[EXTRACTED DATA]:

^^^^^^^^^^^^^^^^

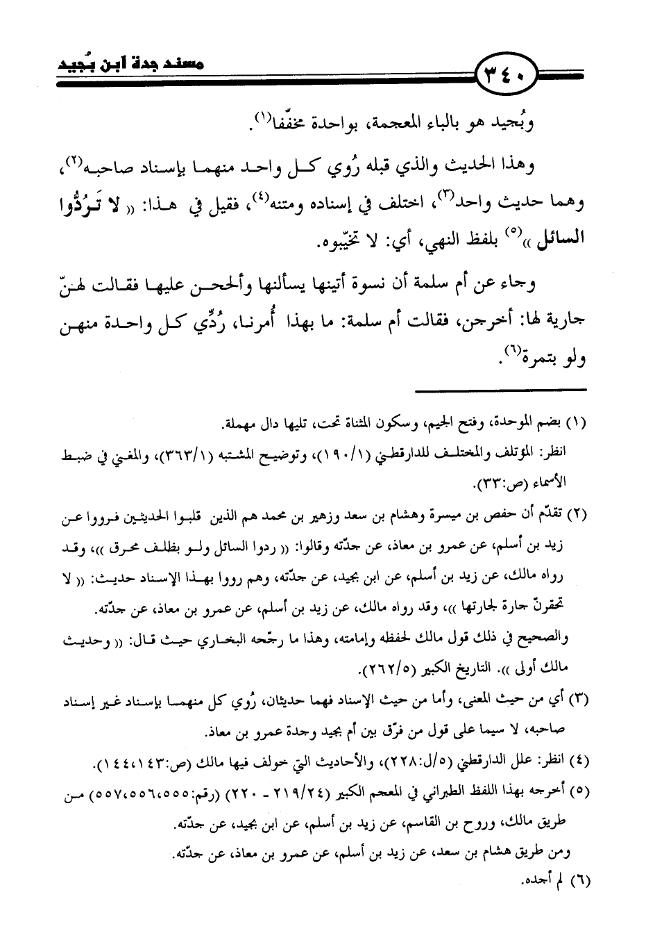 (٥) أخرجه بهذا اللفظ الطبراني في المعجم الكبير (٢٤/ ٢١٩ - ٢٢٠) (رقم: ٥٥٥، ٥٥٦، ٥٥٧) من طريق مالك، وروح بن القاسم، عن زيد بن أسلم، عن ابن جميد، عن جدَّته.
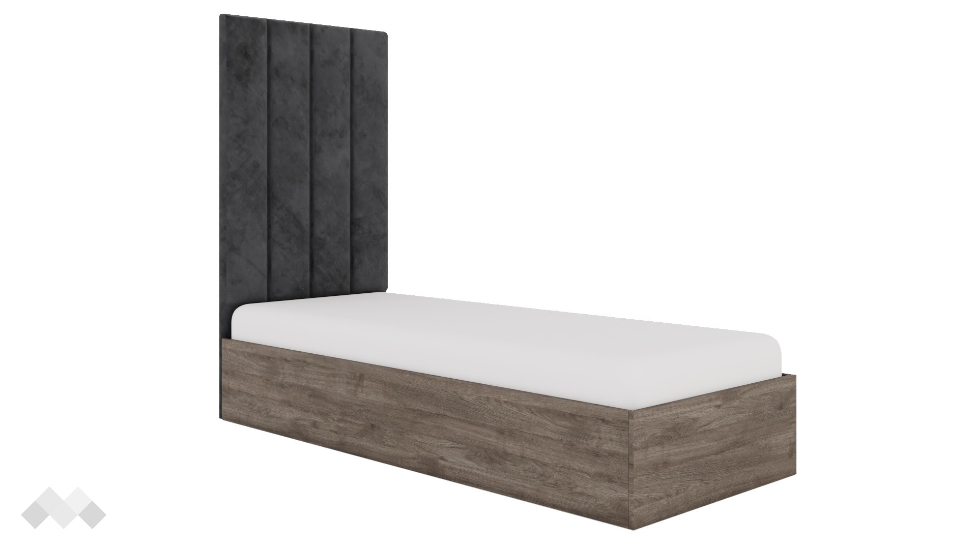Леглото е за матрак с размер 82/190 см. Високата, тапицирана табла на модела го превръща в перфектния избор за любителите на отдиха, защото ти позволява да се облегнеш комфортно и да се отдадеш на заслужена почивка по възможно най-удобния начин за теб. Таблата е с приятна и мека на допир сива дамаска. Любима книга или вечерното предаване - изборът е твой, единственото сигурно нещо е, че ще се чувстваш по-приятно от всякога.
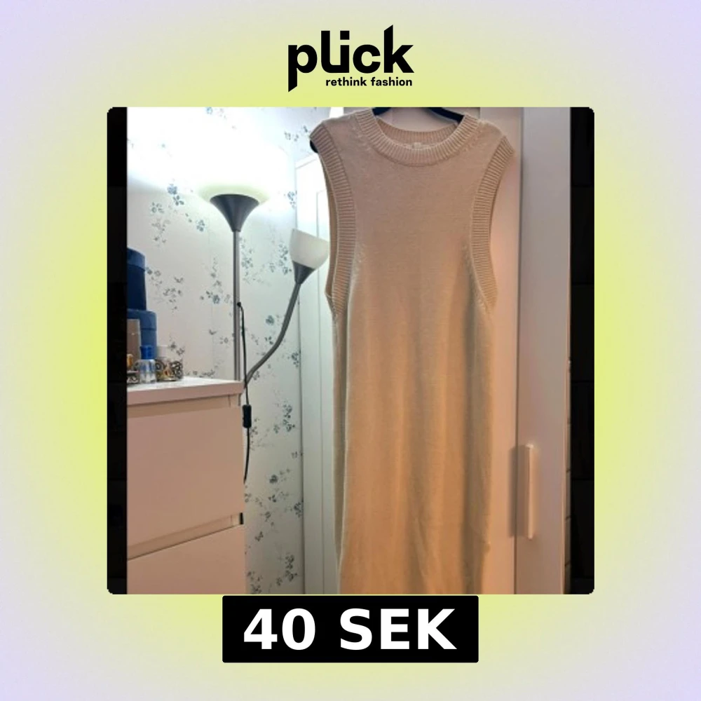 Snygg beige ärmlös klänning från H&M i stickat material. Perfekt för lager-på-lager-stil eller som den är. Den har en rund halsringning och en rak passform som ger en stilren look.
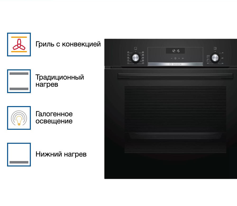 Духовой шкаф BOSCH HBJ558YB0Q относится к типу электрических. Он выпущен в линейке Serie 6, которая отличается дополнительными удобными функциями и интересными технологическими решениями, а также безопасностью. Например, благодаря тройному остеклению температура фасада не превышает 40 градусов.
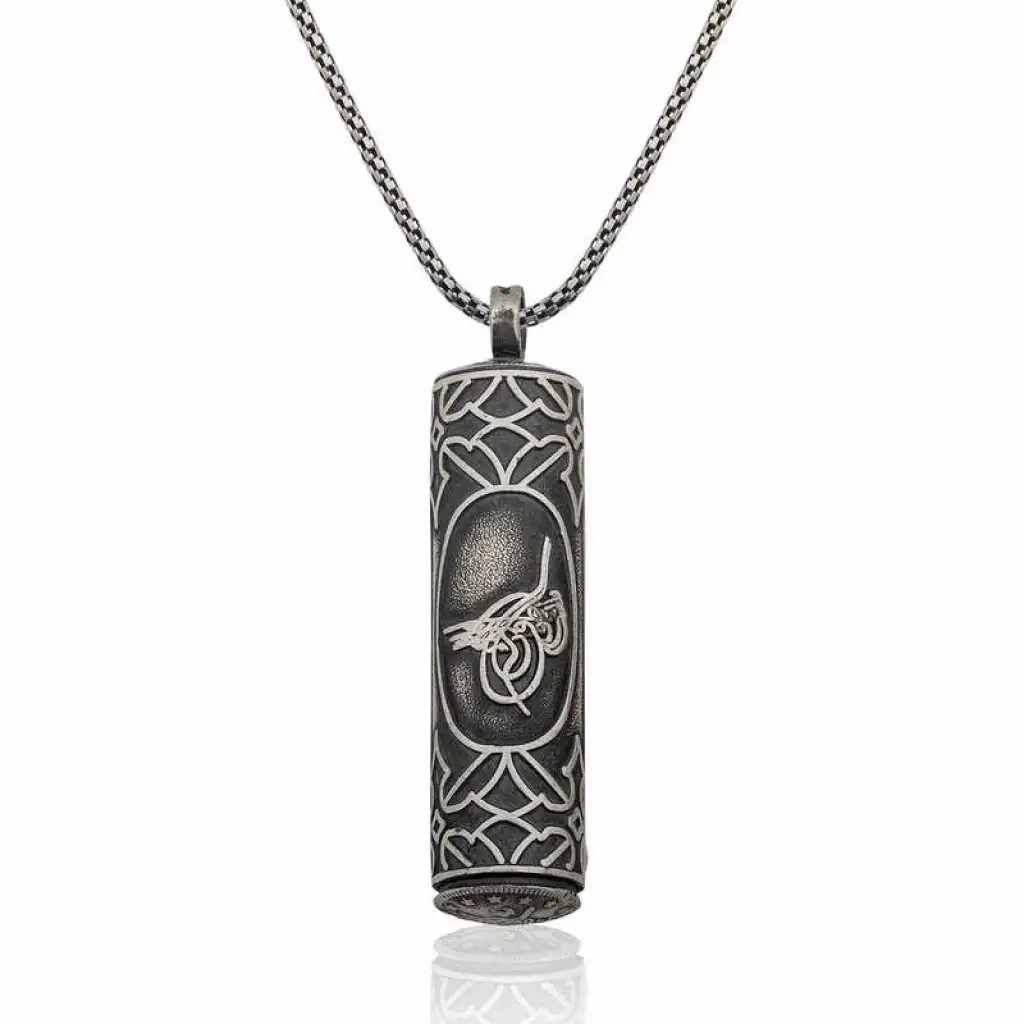 Tuğra, Osmanlı sultanlarının imzası anlamına gelir. Her tuğra; ona ait olan padişahın ismini, varlığını, hükümdarlığını ifade eder. Tuğra sembolü her padişaha göre farklı olmak üzere birçok şekilde günümüze ulaşmıştır. Tuğra Osmanlının her döneminde korunmuş, önemini hiç kaybetmemiştir. Ve zamanla hat sanatımızda da önemli bir yere sahip olup, günümüzde hattatlar tarafından sanatsal olarak yaşatılmaktadır. Bu sanatı yansıtan gümüş kolyeyi severek kullanabilirsiniz. İçine sürekli yanınızda taşımak istediğiniz dua vs. ne isterseniz yerleştirebilirsiniz. İçi açılabilen tuğralı silindir muskalık modeli 925 ayar gümüşten imal edilmiştir. Gümüş üzerine oksit kaplama yapılmıştır. Oksit kaplama yapılan gümüş kolye modelleri ilk günkü görünümünü uzun süre korur. Tüm gümüş kolyelerde olduğu gibi gümüş tuğra desenli silindir muskalık kolye modelinin de tamamı el emeği ile üretilmiştir. Gümüş ve değerli taşlar nedeniyle belirtilen ortalama ürün ağırlığında ± %10 sapma olabilmektedir.
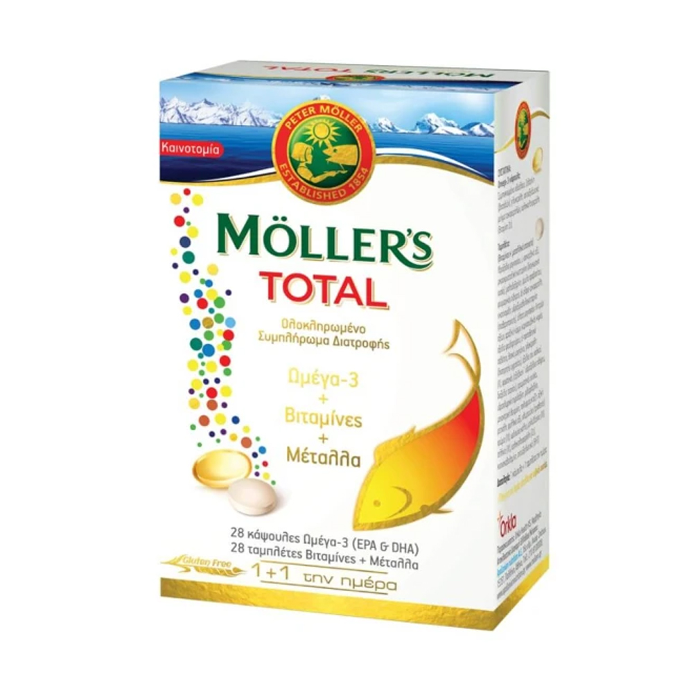 Το Moller's Total είναι ένα ολοκληρωμένο συμπλήρωμα διατροφής που συνδυάζει κάψουλες και ταμπλέτες για την υποστήριξη της συνολικής υγείας. Περιέχει έναν συνδυασμό από θρεπτικά συστατικά που ενισχύουν την ευεξία και την ενέργεια.
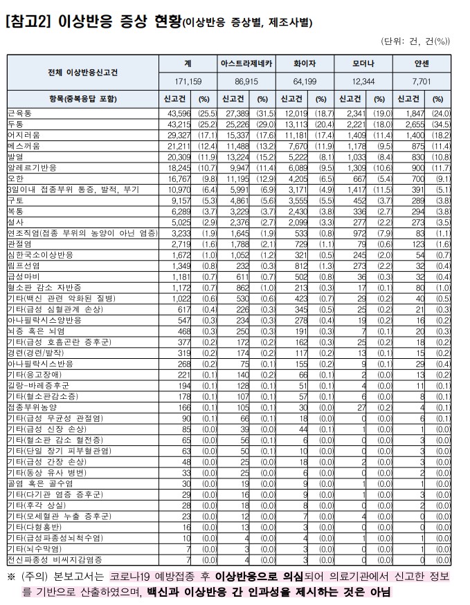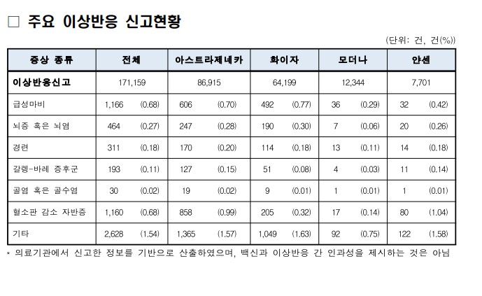또한 아래와 같이 다양한 이상반응 증상이 있습니다. 아래에 해당하는지 확인을 하는 것이 중요합니다. 접종후에 아래 증상이 해당된다면 질병관리청에 연락을 하고 심각한 증상은 즉시 내원을 해야합니다.
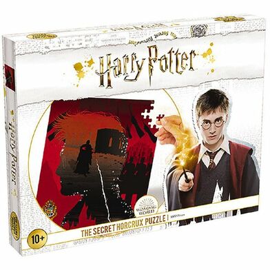 There will come a time when Harry Potter must be told something." Relive the moment that the Boy who Lived realises that his own survival is entwined with that of the dark wizard Lord Voldemort in this stunning, officially-licensed 1000-piece Secret Horcrux puzzle. One of the most poignant and meaningful scenes from J. K. Rowling's beloved saga is yours to recreate in a striking product that would be perfect for framing upon completion. This gloomy, intricate montage from the Battle of Hogwarts is coloured in shades of Gryffindor red, and bears the images of Harry, Voldemort, Hogwarts and the Hogwarts crest in a brand new illustration which is sure to thrill fans of this timeless story. Voldemort's cruel regime is juxtaposed against Harry's inner turmoil as he contemplates his destiny and his loved ones. You won't need any wands, spells or potions to complete this puzzle if you remember Lupin's advice: "It is the quality of one's convictions that determines success!
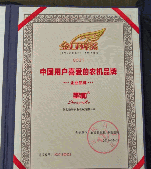 圣和公司等全國30個產(chǎn)品品牌分別獲得“中國用戶喜愛的農(nóng)機品牌”榮譽稱號,并上臺領(lǐng)獎。圣和代表發(fā)言:獲獎是全體圣和人辛勤耕耘的碩果,但獲獎只是代表過去。圣和人要把今天的成就作為明天繼續(xù)進步的動力,不斷創(chuàng)新產(chǎn)品,不斷提升質(zhì)量,為國家鄉(xiāng)村振興大業(yè)精心發(fā)力,農(nóng)民的期待是我們的發(fā)展方向。
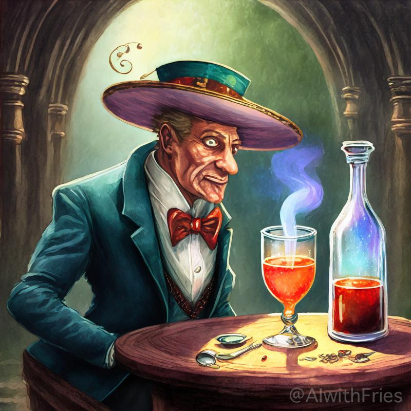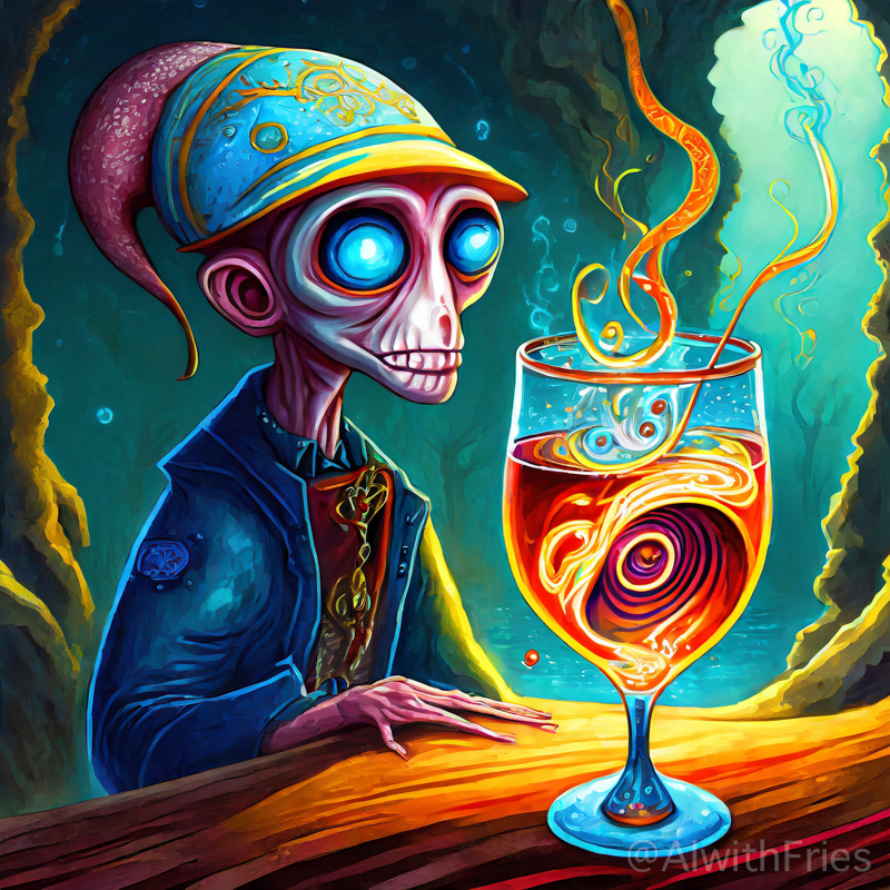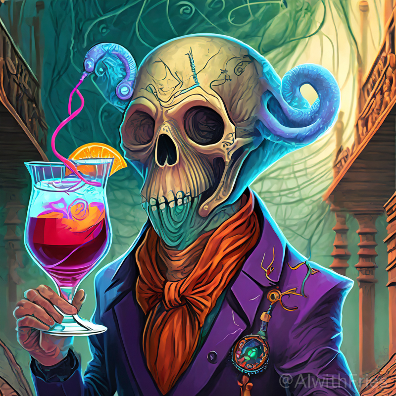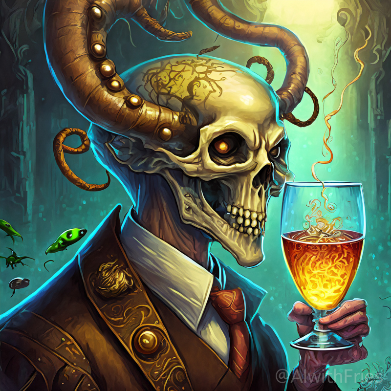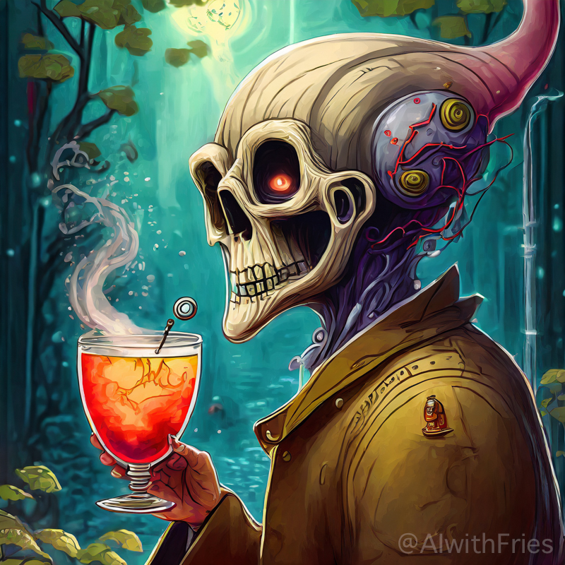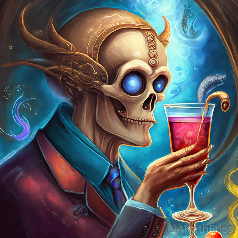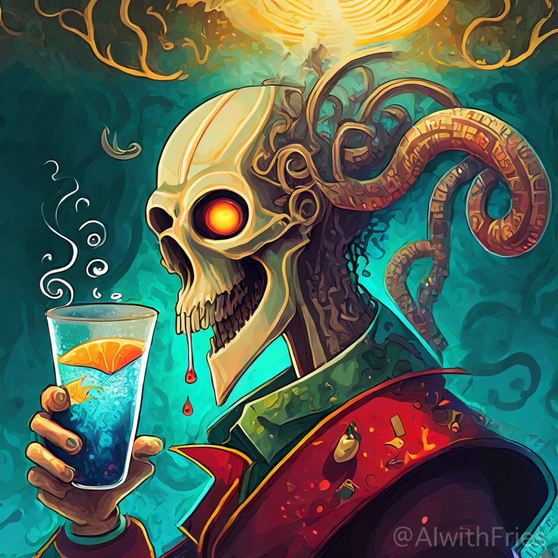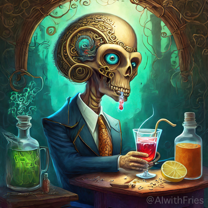 The bartender poured a concoction that shimmered with an otherworldly hue into a glass chiseled from solid despair. I took the drink and turned to survey the patrons—each one a story of downfall and defeat. There was the gambler, eternally raising his glass in a toast to fortunes never won; the seductress, her beauty marred by the scars of treachery; and the poet, scribbling verses that would never see the light of day.

^^^^^^^^^^^^^^^^

[INSTRUCTIONS FOR THE TASK]: Reproduce the entries exactly. Do not carry over any picture.

[RESPONSE TO THE EXERCISE]:
 (٥) أخرجه بهذا اللفظ الطبراني في المعجم الكبير (٢٤/ ٢١٩ - ٢٢٠) (رقم: ٥٥٥، ٥٥٦، ٥٥٧) من طريق مالك، وروح بن القاسم، عن زيد بن أسلم، عن ابن جميد، عن جدَّته.
Леглото е за матрак с размер 82/190 см. Високата, тапицирана табла на модела го превръща в перфектния избор за любителите на отдиха, защото ти позволява да се облегнеш комфортно и да се отдадеш на заслужена почивка по възможно най-удобния начин за теб. Таблата е с приятна и мека на допир сива дамаска. Любима книга или вечерното предаване - изборът е твой, единственото сигурно нещо е, че ще се чувстваш по-приятно от всякога.
 Snygg beige ärmlös klänning från H&M i stickat material. Perfekt för lager-på-lager-stil eller som den är. Den har en rund halsringning och en rak passform som ger en stilren look.
 Духовой шкаф BOSCH HBJ558YB0Q относится к типу электрических. Он выпущен в линейке Serie 6, которая отличается дополнительными удобными функциями и интересными технологическими решениями, а также безопасностью. Например, благодаря тройному остеклению температура фасада не превышает 40 градусов.
 Tuğra, Osmanlı sultanlarının imzası anlamına gelir. Her tuğra; ona ait olan padişahın ismini, varlığını, hükümdarlığını ifade eder. Tuğra sembolü her padişaha göre farklı olmak üzere birçok şekilde günümüze ulaşmıştır. Tuğra Osmanlının her döneminde korunmuş, önemini hiç kaybetmemiştir. Ve zamanla hat sanatımızda da önemli bir yere sahip olup, günümüzde hattatlar tarafından sanatsal olarak yaşatılmaktadır. Bu sanatı yansıtan gümüş kolyeyi severek kullanabilirsiniz. İçine sürekli yanınızda taşımak istediğiniz dua vs. ne isterseniz yerleştirebilirsiniz. İçi açılabilen tuğralı silindir muskalık modeli 925 ayar gümüşten imal edilmiştir. Gümüş üzerine oksit kaplama yapılmıştır. Oksit kaplama yapılan gümüş kolye modelleri ilk günkü görünümünü uzun süre korur. Tüm gümüş kolyelerde olduğu gibi gümüş tuğra desenli silindir muskalık kolye modelinin de tamamı el emeği ile üretilmiştir. Gümüş ve değerli taşlar nedeniyle belirtilen ortalama ürün ağırlığında ± %10 sapma olabilmektedir.
 Το Moller's Total είναι ένα ολοκληρωμένο συμπλήρωμα διατροφής που συνδυάζει κάψουλες και ταμπλέτες για την υποστήριξη της συνολικής υγείας. Περιέχει έναν συνδυασμό από θρεπτικά συστατικά που ενισχύουν την ευεξία και την ενέργεια.
또한 아래와 같이 다양한 이상반응 증상이 있습니다. 아래에 해당하는지 확인을 하는 것이 중요합니다. 접종후에 아래 증상이 해당된다면 질병관리청에 연락을 하고 심각한 증상은 즉시 내원을 해야합니다.
 There will come a time when Harry Potter must be told something." Relive the moment that the Boy who Lived realises that his own survival is entwined with that of the dark wizard Lord Voldemort in this stunning, officially-licensed 1000-piece Secret Horcrux puzzle. One of the most poignant and meaningful scenes from J. K. Rowling's beloved saga is yours to recreate in a striking product that would be perfect for framing upon completion. This gloomy, intricate montage from the Battle of Hogwarts is coloured in shades of Gryffindor red, and bears the images of Harry, Voldemort, Hogwarts and the Hogwarts crest in a brand new illustration which is sure to thrill fans of this timeless story. Voldemort's cruel regime is juxtaposed against Harry's inner turmoil as he contemplates his destiny and his loved ones. You won't need any wands, spells or potions to complete this puzzle if you remember Lupin's advice: "It is the quality of one's convictions that determines success!
 圣和公司等全國30個產(chǎn)品品牌分別獲得“中國用戶喜愛的農(nóng)機品牌”榮譽稱號,并上臺領(lǐng)獎。圣和代表發(fā)言:獲獎是全體圣和人辛勤耕耘的碩果,但獲獎只是代表過去。圣和人要把今天的成就作為明天繼續(xù)進步的動力,不斷創(chuàng)新產(chǎn)品,不斷提升質(zhì)量,為國家鄉(xiāng)村振興大業(yè)精心發(fā)力,農(nóng)民的期待是我們的發(fā)展方向。
 The bartender poured a concoction that shimmered with an otherworldly hue into a glass chiseled from solid despair. I took the drink and turned to survey the patrons—each one a story of downfall and defeat. There was the gambler, eternally raising his glass in a toast to fortunes never won; the seductress, her beauty marred by the scars of treachery; and the poet, scribbling verses that would never see the light of day.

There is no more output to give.